Изменить стиль страницы

Тут же шли Степанида Гневная и Анна Амосовна и плакали. Иоаким и Ларион Иванов открывали шествие.

Из внутренних покоев показалось испуганное лицо юноши: это был сын Морозовой, Ванюшка, Иван Глебович… Мать не видала его и не оглядывалась: она думала, что он спит…

«На новой лошадке», на иноходце и на черкасском седельце хотел голубчик ноне ехать к Дюрьдиньке в гости, — вспомнилось ей вчерашнее прощание с сыном, — и он, и Дюрдя сиротки теперь, да добро: богородица не нам чета, лучше их, матушка, взростит…»

Ванюшка молча в спину поклонился матери и закрыл лицо руками…

Когда Морозову вынесли на крыльцо, было уже совсем светло и холодный ветер трепал голые ветви деревьев. В доме и на дворе раздались вопли и причитания. На улице, против ворот и дома знаменитой боярыни, тоже толпились любопытствующие и слышались неприязненные возгласы:

— Что это, дневной грабеж! Боярыню из своего дома выбивают! Эки нехристи!

— Матушка! Куда ее несут, голубушку? Хоронить живую, что ли?

На крыльце верная челядь успела накинуть на опальную боярыню с сестрою по теплому платку и по шубейке.

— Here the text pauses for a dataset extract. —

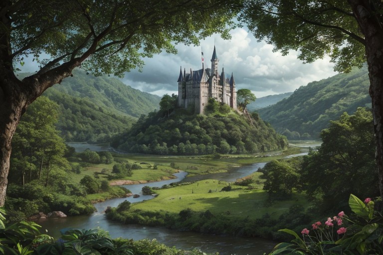 panorama, Feudal landscape, (castle:1.2), grazing meadows, peasants, (Middle Ages:1.1), (perfect symmetry:0.9), highly detailed, Beautiful lighting, photoreal, 4k, depth of field, (treehouse:0.9), (atmospheric perspective:0.8), tropical moist broadleaf forest, floral arch, branch, River, Rain storm <lora:DETAIL_SLIDER_BY_STABLE_YOGI:1.2>

— Прощайте, миленькие! — кланялась Морозова на все четыре стороны. — Молитесь обо мне, за крест хочу пострадать.

— Прощай, матушка боярыня! Молись за нас, грешных!

— Матыньки! Да что ж это такое будет, голубчики? Ноли Литва на нас пришла?

Возгласы неслись со всех сторон, и каждый из этих возгласов, словно порыв ветра, говоря иносказательно, обрывающий листья со старого дуба, отрывал у Алексея Михайловича народную любовь и доверие.

Морозову перенесли через двор и внесли в так называемые людские хоромы.

Войдя в хоромы, Иоаким приказал стрелецкому десятнику подать кандалы. Звук желез, вынимаемых из мешка, заставил Урусову вздрогнуть, но Морозова обратилась к сестре со взором, сияющим радостью.

— Слышь, сестрица! Слышишь, Дунюшка!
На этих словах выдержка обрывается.